--- Supplied material ---
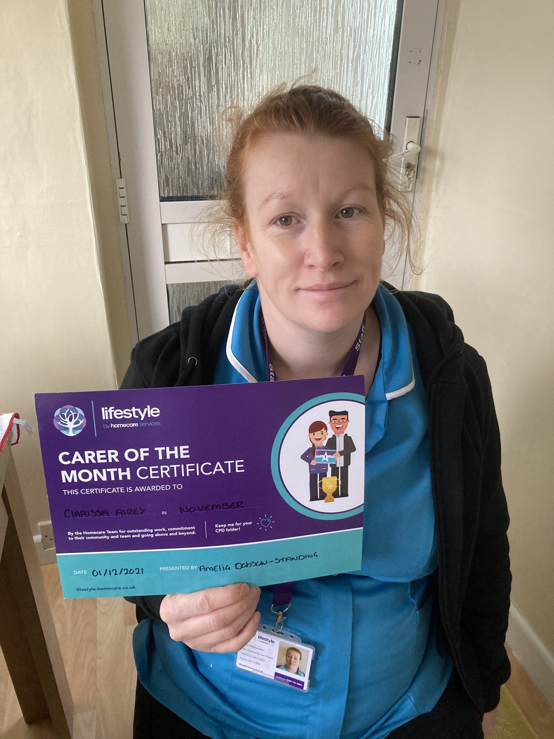All awarded Carer of the Month throughout the offices. Carer of Month is a chance to reward the work of those going above and beyond and who have stood out most during that month. Its a way to reflect and to say thank you. Nominations for Carer of the Year close this evening so please ensure you have voted for who you think deserves this award!
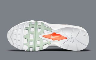 Arriving anchored in simple white mesh and tonal leather, the pair’s bright appearance is heightened by its all-white sole unit, liner, and laces additions. Streaking tongue detail in sherbert orange matches the accent line surrounding the midfoot Swoosh of Seafoam green — the pair’s champion. More hits of the barely-there hue hit the tongue liner, Air supports and underfoot tread, and the pair is capped off by 3M accents streaking back from the toe to the heel.
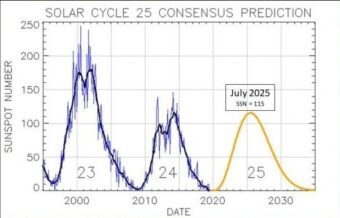 A tal proposito, il nuovo ciclo solare dovrebbe dare pochi motivi di preoccupazione. Il Prediction Panel prevede che sia simile al suo piuttosto debole predecessore. La forza dei cicli solari ha mostrato una chiara tendenza al ribasso dagli anni ’80. «Come sembra, l’attuale periodo di bassa attività solare, rispetto ai cicli intensi della maggior parte degli ultimi 50 anni, continuerà nei prossimi undici anni», afferma Cameron. Il prossimo massimo solare, piuttosto debole, dovrebbe verificarsi tra novembre 2024 e marzo 2026.
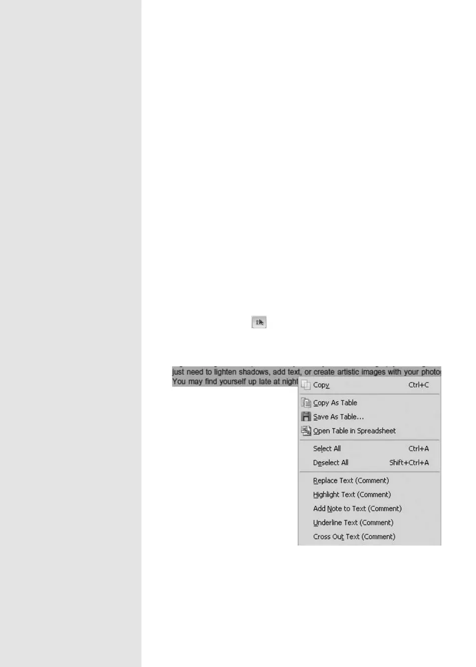 Figure 56 Select text in the document using the Select tool and choose content-
---
(Action item):
When copying the data above, repeat every word exactly and drop the pictures.

(Exercise solution):
All awarded Carer of the Month throughout the offices. Carer of Month is a chance to reward the work of those going above and beyond and who have stood out most during that month. Its a way to reflect and to say thank you. Nominations for Carer of the Year close this evening so please ensure you have voted for who you think deserves this award!
 Arriving anchored in simple white mesh and tonal leather, the pair’s bright appearance is heightened by its all-white sole unit, liner, and laces additions. Streaking tongue detail in sherbert orange matches the accent line surrounding the midfoot Swoosh of Seafoam green — the pair’s champion. More hits of the barely-there hue hit the tongue liner, Air supports and underfoot tread, and the pair is capped off by 3M accents streaking back from the toe to the heel.
 A tal proposito, il nuovo ciclo solare dovrebbe dare pochi motivi di preoccupazione. Il Prediction Panel prevede che sia simile al suo piuttosto debole predecessore. La forza dei cicli solari ha mostrato una chiara tendenza al ribasso dagli anni ’80. «Come sembra, l’attuale periodo di bassa attività solare, rispetto ai cicli intensi della maggior parte degli ultimi 50 anni, continuerà nei prossimi undici anni», afferma Cameron. Il prossimo massimo solare, piuttosto debole, dovrebbe verificarsi tra novembre 2024 e marzo 2026.
 Figure 56 Select text in the document using the Select tool and choose content-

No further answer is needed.